Comme avant. À miner de la crypto-monnaie sans qu’on s’en rende compte, niché dans nos implants.

Un silence passe. Je reprends :

— Vous avez l’air d’avoir une piste, maintenant ? Il y a des serveurs contaminés, payés avec l’argent généré par le minage, c’est ça ? Et alors, c’est qui, les Chinois ? Les Russes ? Les nôtres ?

— Qui a développé ce programme ? Un gouvernement, ça, c’est sûr. Qui s’est foiré en beauté en tout cas, peu importe leur intention au départ. La NSA ne devrait plus tarder à nous rendre visite. On en saura peut-être plus. Peut-être.

Un vertige qui monte, quelque chose de froid qui remonte dans le ventre.

— Mais alors, à qui ça profite, au final ?

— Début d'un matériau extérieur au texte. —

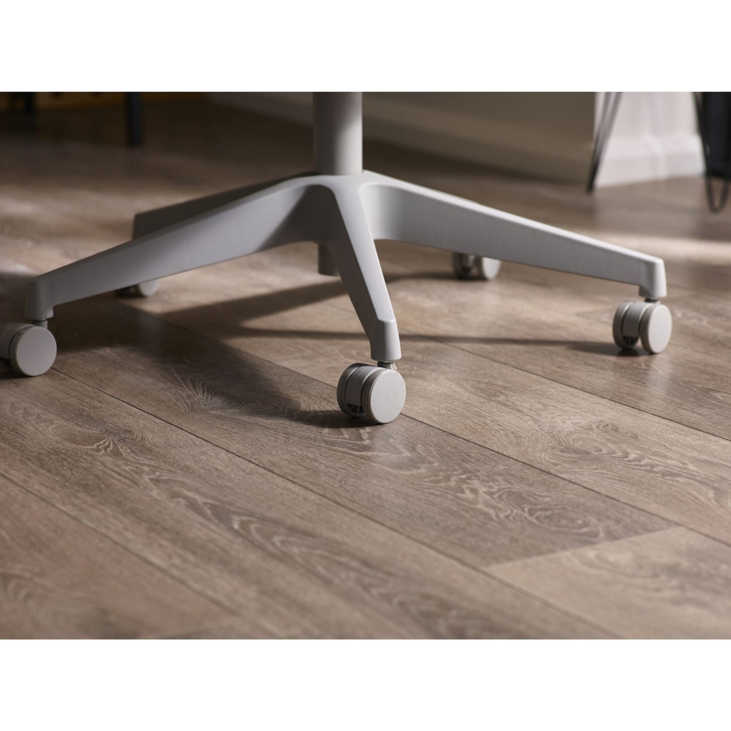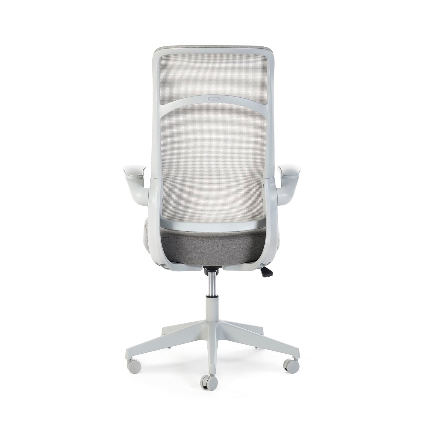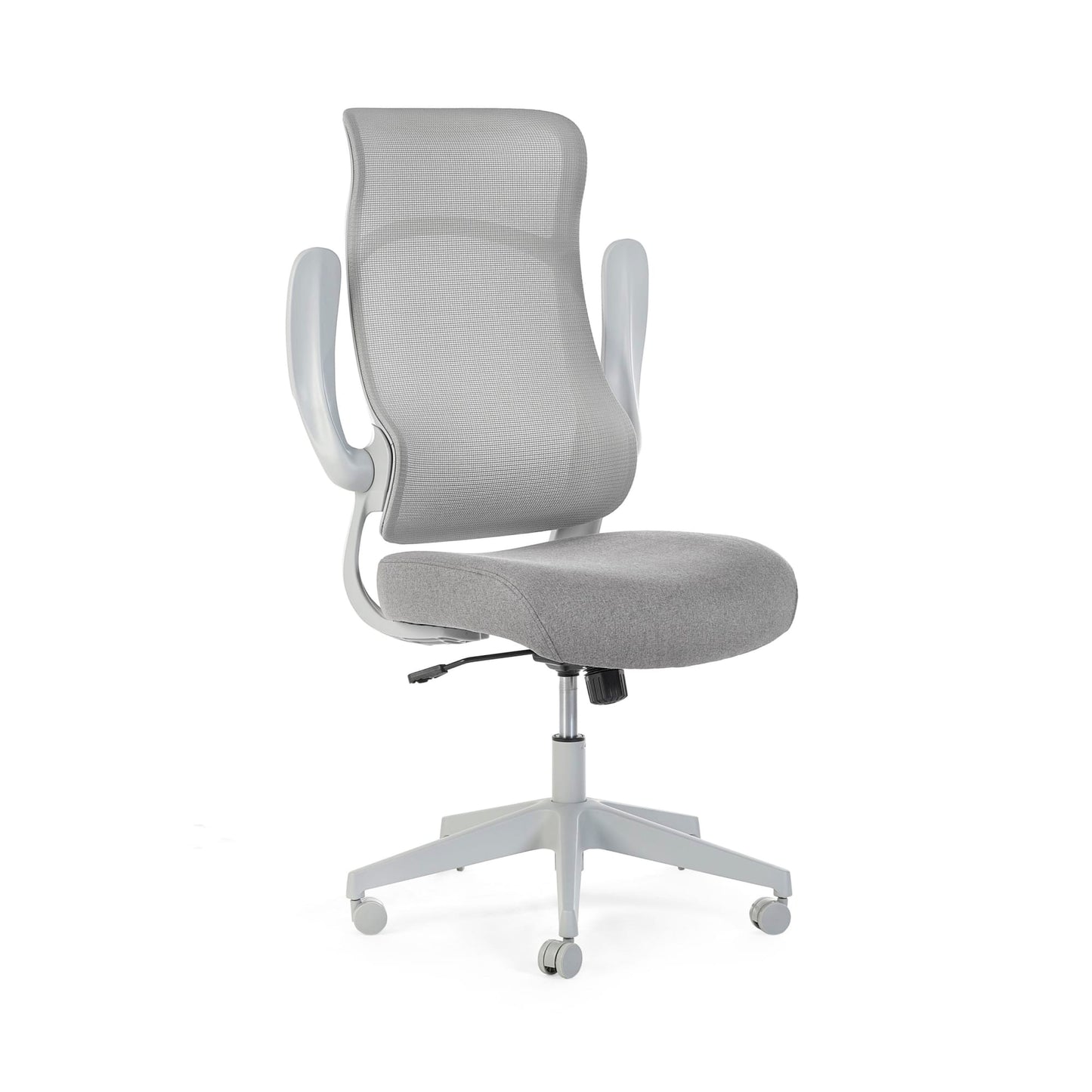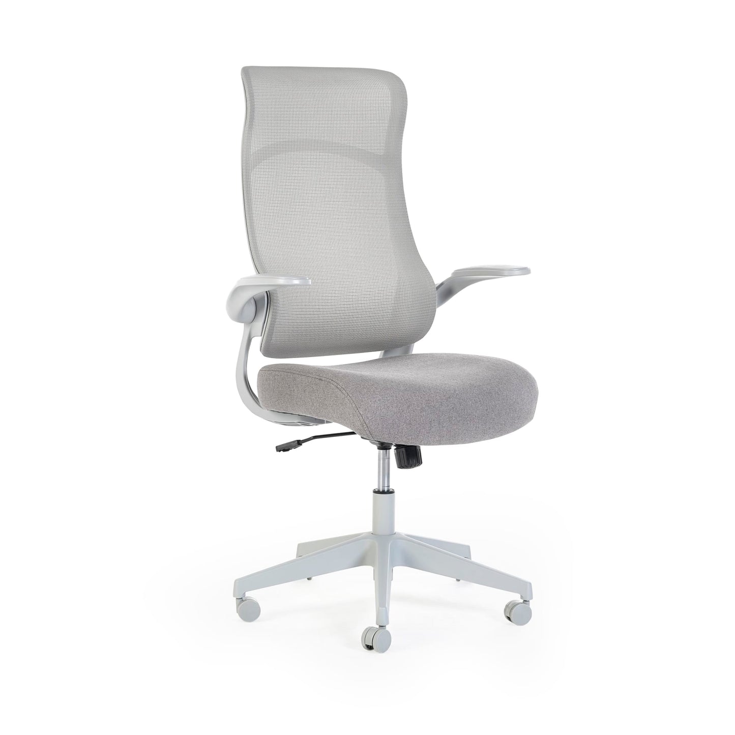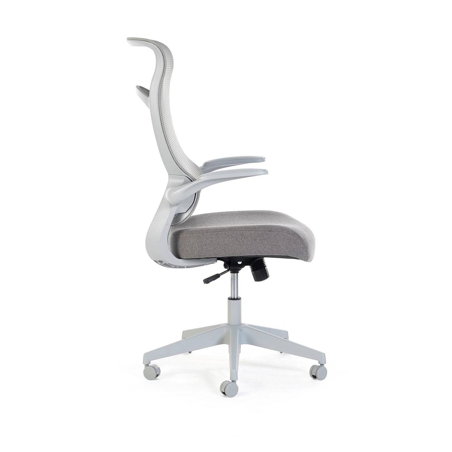 - Enhances comfort and productivity with a flip-up armrest and a soft-touch upholstered seat featuring a sloping front to alleviate leg pressure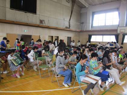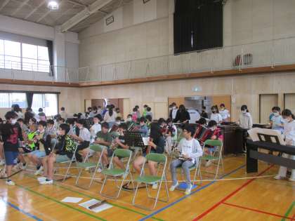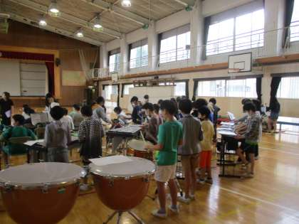 創立150周年の式典に向けて、5年生が音楽室から体育館に楽器の搬入をしました。搬入後はちょっと練習もしました。ありがとね。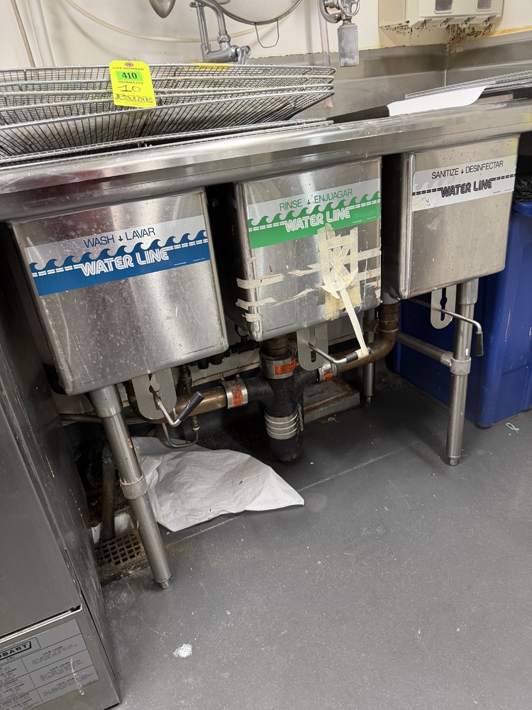 (1) S/S 3 Compartment Sink w/T+S Spray and 3 Lever Waste, 12"X20" Tubs, 78'X 26"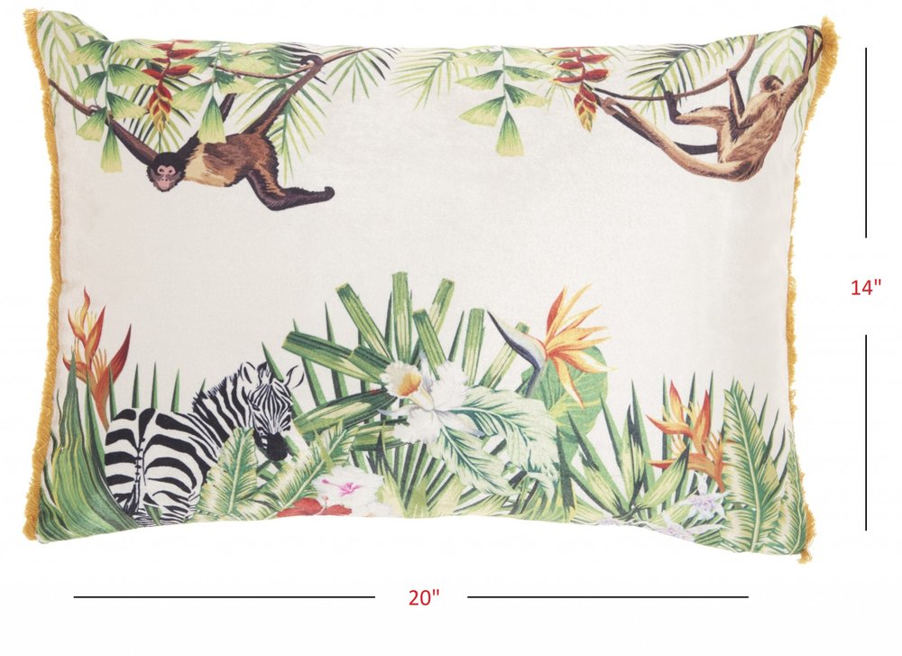 With this Multicolor Jungle Art Lumbar Pillow you can add the perfect pop of color to any seating space in your home. This rectangular shaped pillow is covered in a white colored fabric that serves as the background for the jungle art. The bottom half of the cushion features plants and flowers with a black and white zebra peeking through it while the top half features two monkeys hanging from vines and trees. Two sides have small mustard fringing on them which compliment junglescape perfectly. You can use this lumbar pillow anywhere in your home and add a pop of color to your bed, your couch, or any chair. 5" H x 14" W x 20" D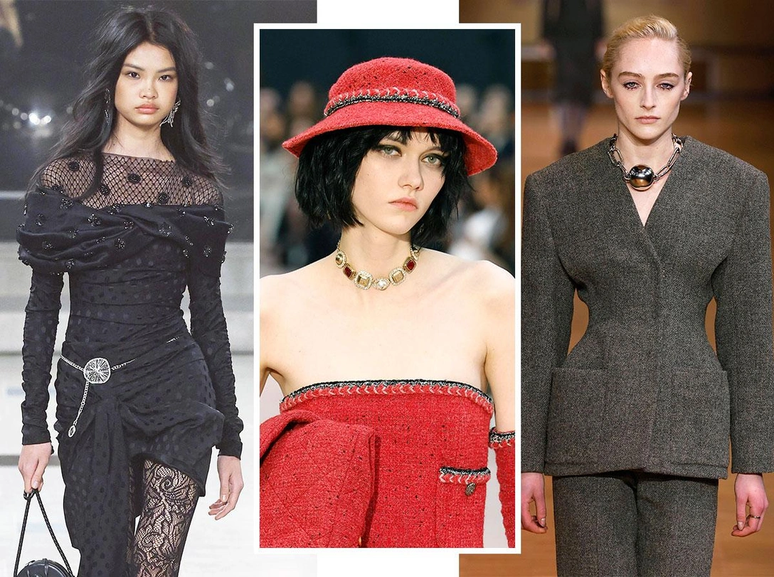 Одним из трендов лета 2025 года были бодичейны, но эта тенденция оказалась более долговечной. Она появится и осенью — только вот носить пояса мы будем, конечно, поверх одежды. Цвет пояса неважен — на показах увидели как серебро, так и желтое золото. А вот на стиль бодичейна стоит обратить внимание: в показах осень-зима увидели много бохо, а вот тонкие и минималистичные пояса останутся в летнем сезоне.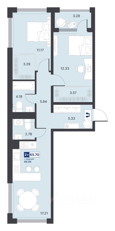 Общая площадь65,7 м²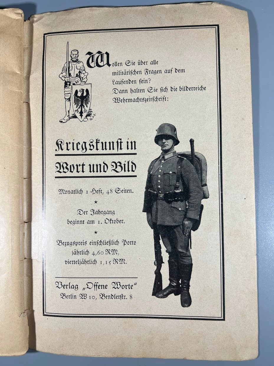 Knyga Kriegskunst in Wort und Bild. Karo menas žodžiais ir paveikslėliais. 1931 m. Kaina 18

Elle ne plaisante pas, mais le ton de sa réponse est étrange, bizarrement léger :

— En pratique ? À personne…

Relevant sa visière, sourire étrange, son ton devient rêveur :

— On a examiné tous les flux. Tout le code. Il n’y a rien d’autre. Le vecteur d’attaque parfait, mais sans aucune composante offensive. Il est incomplet, inachevé. Pas de backdoor. Pas de système d’espionnage. Pas de contrôle à distance. Juste le minage. Le transit des fonds pour acheter d’autres failles, louer d’autres serveurs, plus de puissance de calcul… Et c’est tout. Un cycle qui ne rapporte rien. Qui se contente de s’étendre.

Ses yeux pivotent dans leur nid de câbles, me fixent.

— Et il mute pour toujours mieux le faire. Le virus au sens le plus pur. S’autorépliquer jusqu’à ce qu’on l’arrête. Si on l’arrête.

— Et sinon, il…

— Continuerait, oui. Virtuellement sans fin.

Elle semble fascinée. Non, vraiment, elle l’est.

Il n’y a plus d’angoisse, plus de poids. La fatigue, juste. Je pose la tablette, ferme les yeux, appuyé sur les racks de serveur que je sens vibrer. Pulser doucement, comme animés d’une vie, et au final, il y a peut-être cette vie aussi, ou plutôt cette non-vie qui mime la vie, se reproduit, s’adapte, évolue, se répand, et grouille dans mes yeux, dans ceux de Phelps, dans ses implants de hacker, dans les lunettes de Ronand, dans le corps des geeks, des vieillards riches, des militaires, des athlètes, des flics, des politiques, des citoyens aisés, des malades, de nos grille-pains, de nos frigos, et des centres de données qui tournent et pulsent, remodèlent du code que plus personne ne saisit sur un clavier, calculent sans fin des transactions de crypto-monnaie qu’aucun humain n’a jamais passées.